C'est d'une peine exemplaire de 15 mois fermes que l'ex-directeur général du Parti libéral du Canada au Québec, Benoît Corbeil, a écopée, hier, pour un trafic d'influence et de la fraude dans le cadre de ses fonctions, entre 1997 et 2000.

Corbeil, 46 ans, doit en outre payer une amende de 20 000$, et rembourser les 117 315$ qu'il a détournés des coffres du parti, a décrété la juge Suzanne Coupal. «Dans ces temps troubles où la confiance en nos institutions démocratiques semble ébranlée, les tribunaux se doivent de dénoncer et de faire valoir la réprobation des gestes qui pourraient porter atteinte aux valeurs fondamentales de notre société», a dit la magistrate, en annonçant la peine.

 

Vêtu d'un complet-cravate, debout dans le box des témoins et tournant donc le dos à la salle d'audience, Corbeil a accusé le coup sans broncher. Des constables spéciaux se sont rapidement approchés de lui, pour l'amener dans le box des accusés. Il s'est tourné pour envoyer la main à une connaissance dans la salle, puis il est disparu derrière la porte menant aux quartiers de détention du palais de justice de Montréal. Manifestement, il gardait espoir d'éviter la prison, car il était entré dans la salle sans bagage. Un homme de sa connaissance est parti après le prononcé de la peine, puis est revenu avec un sac bleu contenant les affaires de Corbeil.

Une oreille attentive

Les accusations dans cette affaire ont été portées par la GRC, au terme d'une enquête secondaire découlant de l'enquête sur les commandites. Les faits ne sont toutefois pas reliés aux commandites. En 1997, à quelques semaines des élections, Corbeil, alors coordonnateur régional du PLC, avait demandé une contribution de 100 000$ au propriétaire d'une carrière de Saint-Jean-sur-Richelieu qui désirait acheter un terrain appartenant au gouvernement fédéral. En échange, Corbeil promettait une oreille attentive à Ottawa. L'homme avait finalement versé 50 000$. Corbeil avait chargé Alain Renaud d'aller chercher la somme. Ce dernier, devenu plus tard informateur de police, avait obtenu 2000$ ou 3000$ pour sa commission.

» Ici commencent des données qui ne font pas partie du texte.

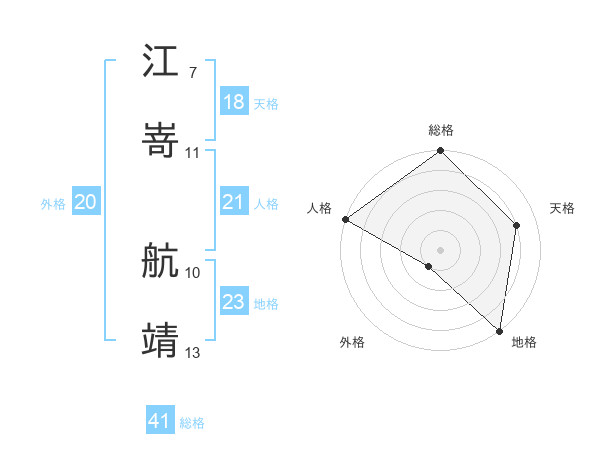 江嵜 航靖さんを姓名の画数から五運を鑑定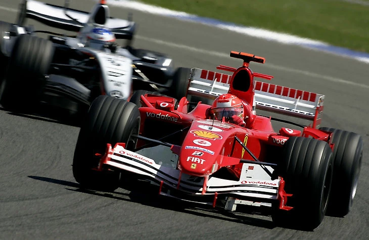 Шумахер между двумя лучшими сезонами в «Феррари» стал участником эпической битвы с Монтойей и Райкконеном, а в 2005-м из-за смены шинных правил вовсе выпал из борьбы за титул.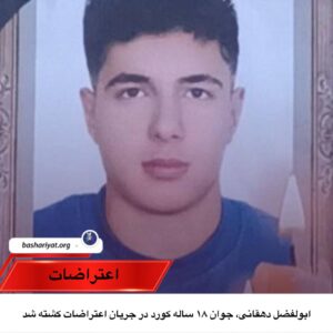 #ابولفضل_دهقانی، جوان ۱۸ ساله کورد و اهل بیجار، در جریان اعتراضات ۱۸ دیماه ۱۴۰۴ با شلیک مستقیم نیروهای سرکوبگر حکومتی کشته شد.پدر این جوان پاکبان اداره شهرداری بوده و نهادهای حکومتی وی را ناچار کردهاند تا فرزندش را به عنوان عضو بسیج معرفی کند.
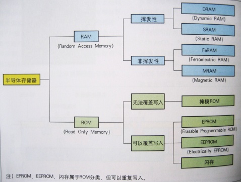 半導(dǎo)體存儲(chǔ)器大體分為可高速寫入和讀取的RAM(Random Access Memory)和主要進(jìn)行讀取用的ROM(Read Only Memory).
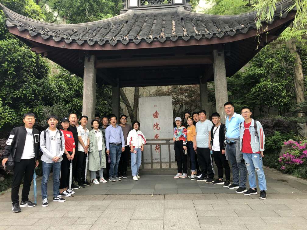 公司領(lǐng)導(dǎo)及優(yōu)秀員工在曲院風(fēng)荷亭前合影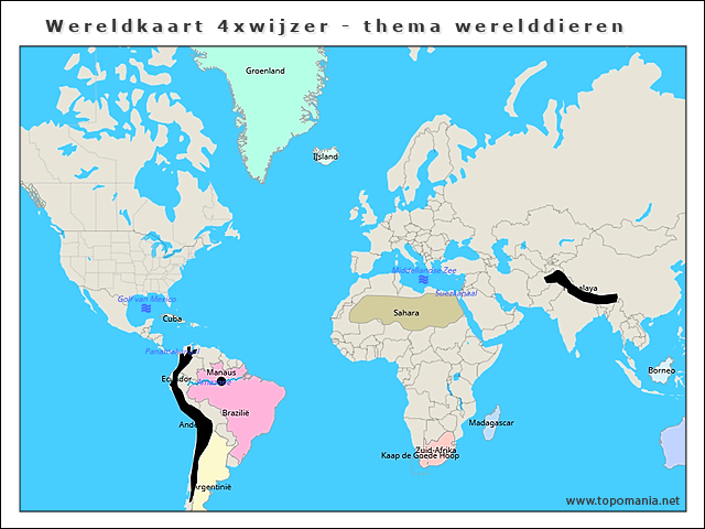 Topografie Wereldkaart 4xwijzer - thema werelddieren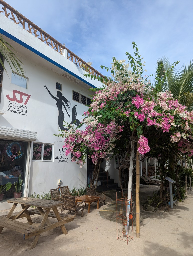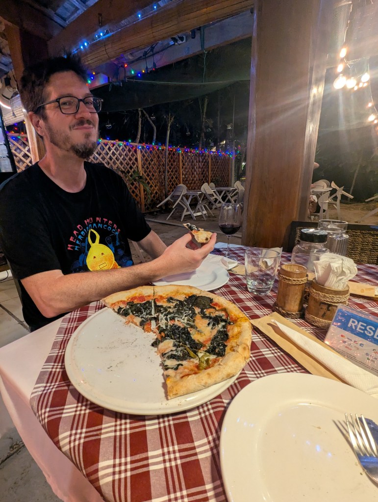 We got out of the water just before the sun set below the horizon, drying off before heading out to find some dinner. We ended up at a place called “Angelina”, an Italian restaurant with outdoor seating under a huge tree on the beach. We sat down and the waitress warned us that if it rained there was no room indoors. We took our chances. We ordered a spinach and parmesan cheese pizza and two glasses of red house wine. It did begin to rain lightly, and the ladies insisted we sit indoors at a reserved table whose reservation was at 8:30pm (it was 7:00pm). They also dragged our neighbours table in and put it under the awning, but it never did really rain, only some drops. We left by 7:30pm, so plenty of time to set our table back up for the next group. Only one negative note, we got charged for a 500 peso salad we didn’t order and we had to ask the server about it which always causes so much anxiety for us. The issue was fixed and it was no big deal, we just would normally rather pay then make a deal about something like this.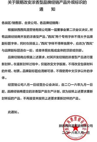 西鳳下發“限期改變濃香型品牌經銷產品外觀標識的通知”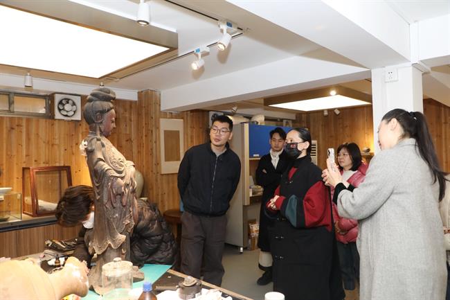 冯英一行还参观了“匠心守艺”手工艺教学成果展、浙江实验艺术剧场、陶艺室、文物修复实训室等。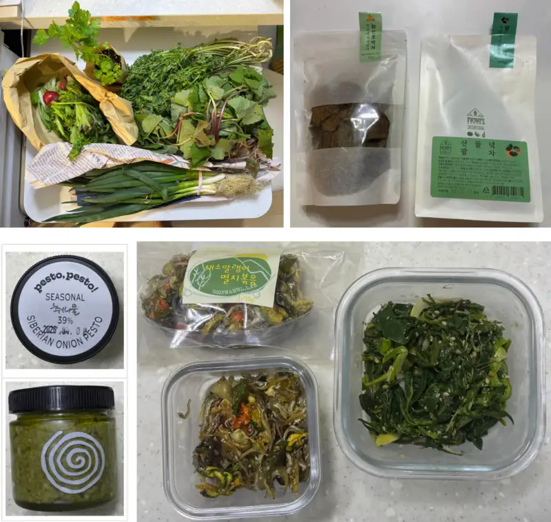 다양한 푸성귀에 건강차, 나물 등등 안 살 수가 없다.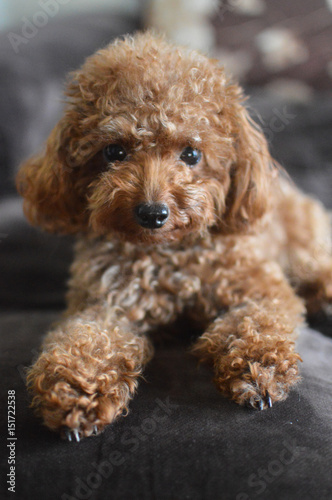 Small Cute Brown Teacup Poodle Laying on Sofa
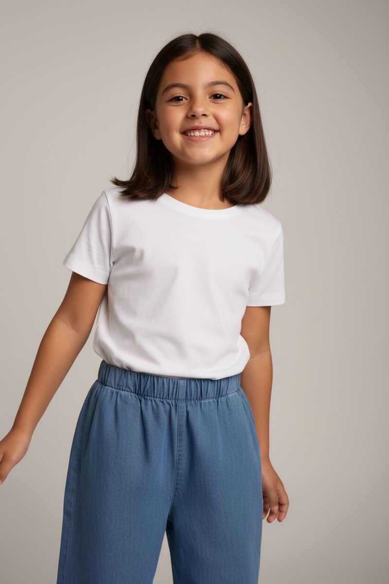 Combine a Calça Jeans Wide Leg Infantil com blusas básicas ou estampadas para um visual despojado. Para um toque mais estiloso, adicione um cropped e tênis coloridos. Em dias mais frescos, uma jaqueta leve completa o look. Sandálias ou sapatilhas também são ótimas opções para um passeio confortável.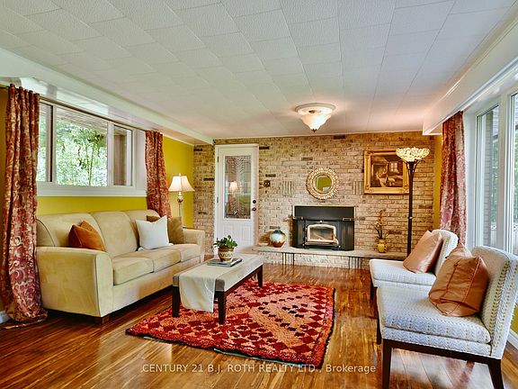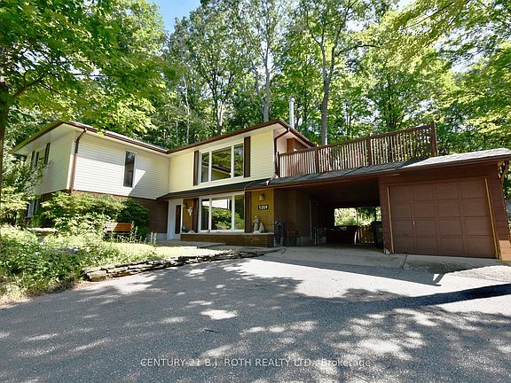 Welcome to this charming 3-bedroom, 2-bathroom detached home in the highly desirable community of Midhurst. This well-built 1970s house sits on a generous 100 x 200 ft lot, surrounded by majestic trees and lush vegetation. The terraced backyard, filled with perennials and wildflowers, offers a serene and picturesque setting. The main floor features elegant Japanese cherry hardwood floors, two walk-outs to the deck, and a bright living room. The primary bedroom includes a walk-out to the backyard, while the second bedroom is exceptionally spacious with a walk-in closet. The 4-piece bath boasts a rain shower, soaker tub and cork floors. The walkout basement showcases engineered hardwood floors, large windows and a second wood fireplace,. Also on this level is a bedroom, a 3-piece bath, storage, and a laundry area. Enjoy natural views from every window and take advantage of the nearby Hunter Russell Nature Trail and Willow Creek. Family friendly neighbourhood within waking distances to Forest Hill Public School. Don't miss your chance to own this delightful home in one of Midhurst's most sought-after areas. Book your showing today!

En ce qui concerne l'accusation de fraude, elle avait trait à six fausses factures totalisant un peu plus de 117 000$, que Corbeil a approuvées pour paiement entre 1999 et 2000, alors qu'il était directeur général du parti. Corbeil soutient qu'il n'a pas bénéficié personnellement de ces sommes, hormis un cadeau de 5000$ que lui a remis Giuseppe Morselli, propriétaire du Buffet Trio, un partisan qui en menait large au parti. Morselli est décédé depuis.

Corbeil a plaidé coupable en juin dernier aux accusations. Son avocat, Michel Grenier, recommandait une absolution avec un don et des travaux communautaires, tandis que la procureure de la Couronne, Josée Fontaine, demandait de 18 à 24 mois de prison.

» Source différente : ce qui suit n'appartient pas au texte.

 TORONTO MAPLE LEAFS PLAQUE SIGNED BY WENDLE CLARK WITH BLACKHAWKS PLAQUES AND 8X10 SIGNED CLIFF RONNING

En sortant de la salle d'audience, Me Grenier a indiqué qu'il allait voir avec M. Corbeil s'il désirait interjeter appel. Me Fontaine, pour sa part, était bien satisfaite de la peine, qui envoie un message clair à son avis.

Me Charles Côté, avocat du Parti libéral, était bien content lui aussi, notamment du remboursement. Il affirme que l'argent n'est pas allé au PLC, comme Corbeil le soutient.